┏━━
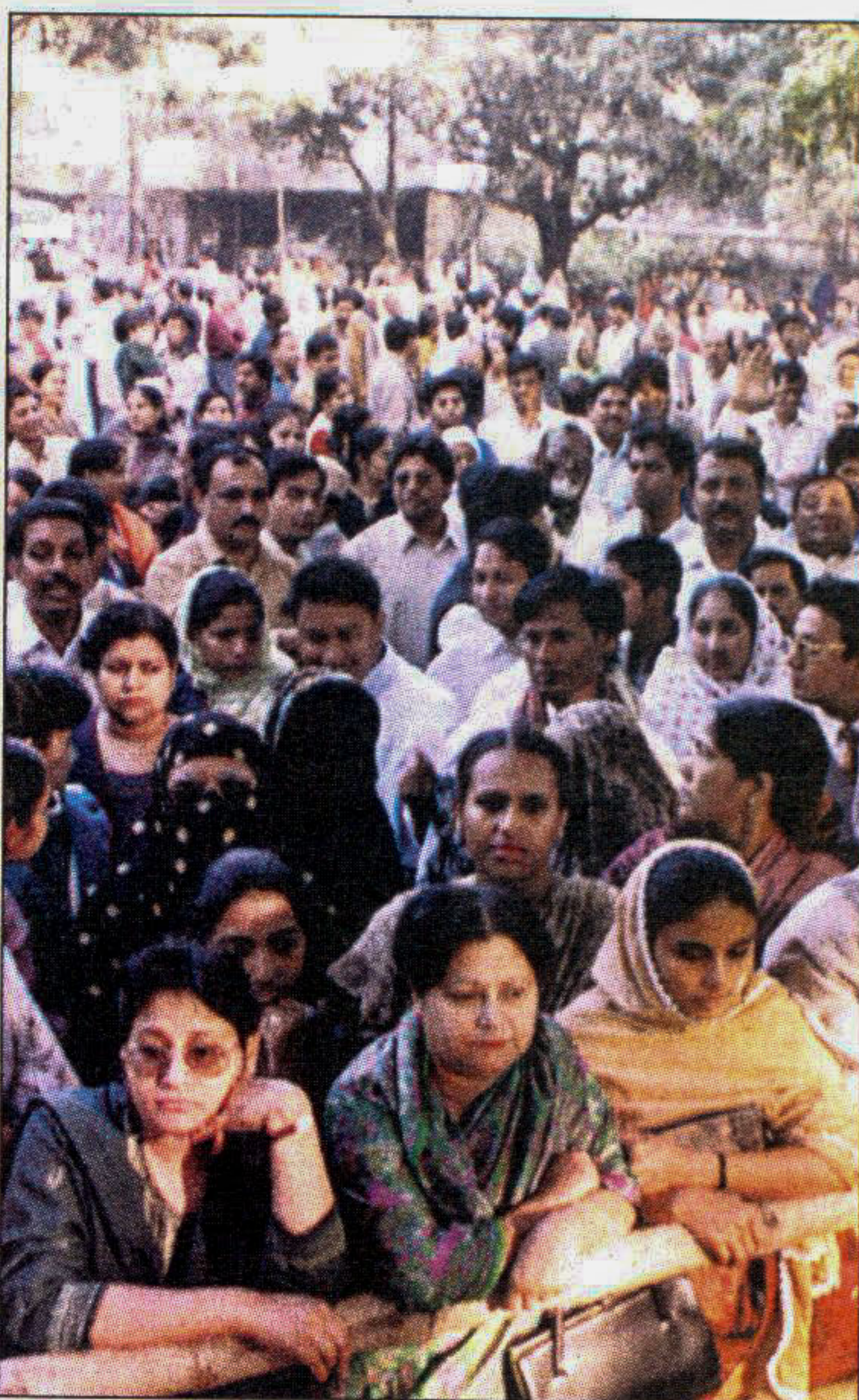
Testing time: Parents wait anxiously as their children go through school admission tests at Viqarunnisa Noon School yesterday.

"Why do you need a telescope to see it? It's all clear and bright."
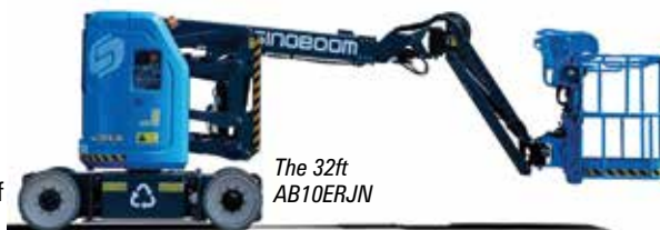
The 32ft AB10ERJN
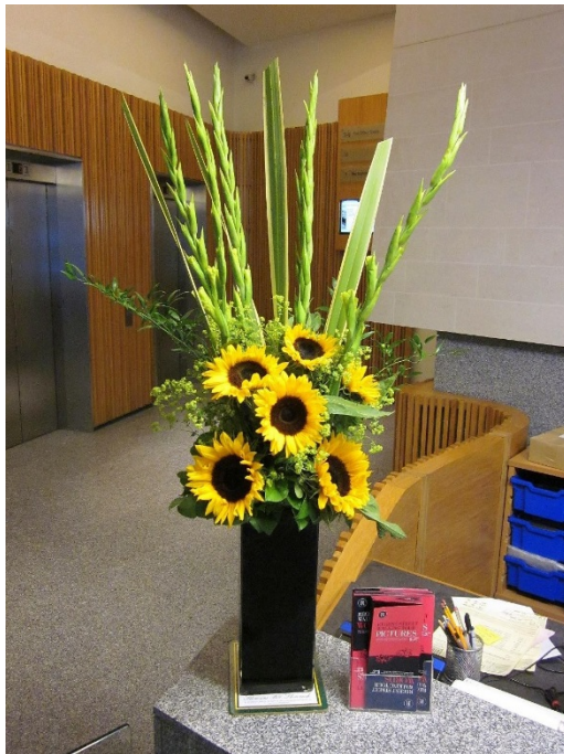
£50.00 Sunflowers & Green Gladioli
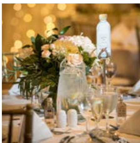
MEMORIES — TO LAST — A lifetime
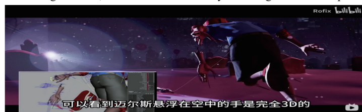
Figure 2- Schematic of Miles' hand

Miles' hand in the air is completely 3D, and the number of frames the camera moves is different from the number of frames the character animates, which is already 12 frames per second in the 3D software (see Figure 2). To match this animation, SONY has developed an interpolate Maya plugin that interpolate adjacent stitches to interpolate fabric simulations smoothly. In other words, the animator could raise or lower Miles' frame count according to mood, but the fabric was always working at 24 frames per second.
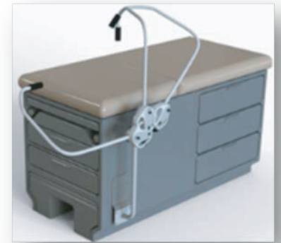
Exam Table/Chair Mount

All models are sold complete with light and flex-arm system. (Product images not to scale.)
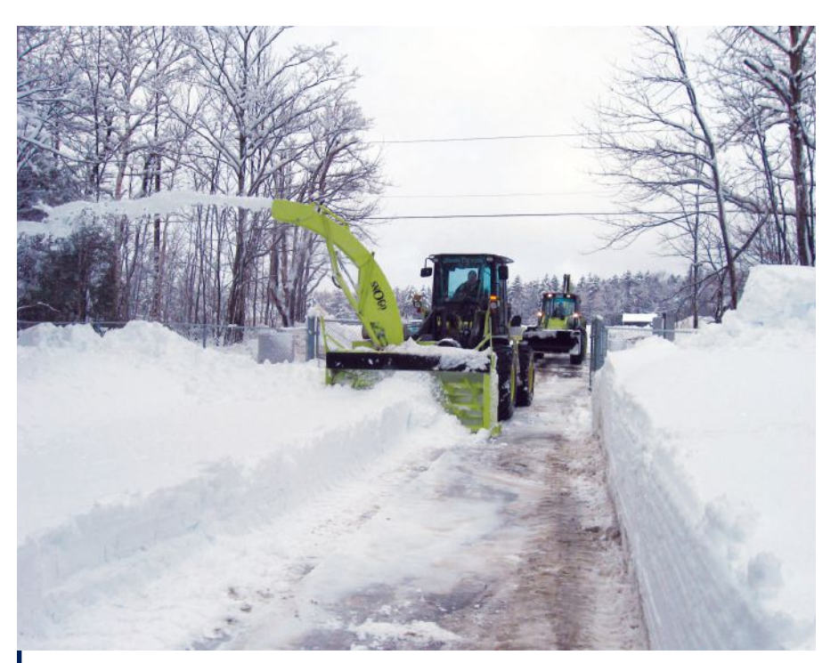
Standardizing data collection across agencies and accounting for level of service will further enhance agencies' ability to compare winter-maintenance costs with states that have similar climates and roadways, allowing them to consider new budget scenarios.

By facilitating comparisons across storms, the maps will ultimately allow agencies to improve the efficiency of their winter-maintenance operations by helping them better estimate the costs of snow and ice removal and compare the relative costs of in-house crews and contractors, according to Paul Brown,
┗━━
▶ TRY IT:
Begin with the line holding "MEMORIES — TO LAST — A lifetime" and end with the last line of the listing. Reproduce each of those lines exactly, and leave every picture out.

▶ OUTPUT:
MEMORIES — TO LAST — A lifetime
Figure 2- Schematic of Miles' hand

Miles' hand in the air is completely 3D, and the number of frames the camera moves is different from the number of frames the character animates, which is already 12 frames per second in the 3D software (see Figure 2). To match this animation, SONY has developed an interpolate Maya plugin that interpolate adjacent stitches to interpolate fabric simulations smoothly. In other words, the animator could raise or lower Miles' frame count according to mood, but the fabric was always working at 24 frames per second.
Exam Table/Chair Mount

All models are sold complete with light and flex-arm system. (Product images not to scale.)
Standardizing data collection across agencies and accounting for level of service will further enhance agencies' ability to compare winter-maintenance costs with states that have similar climates and roadways, allowing them to consider new budget scenarios.

By facilitating comparisons across storms, the maps will ultimately allow agencies to improve the efficiency of their winter-maintenance operations by helping them better estimate the costs of snow and ice removal and compare the relative costs of in-house crews and contractors, according to Paul Brown,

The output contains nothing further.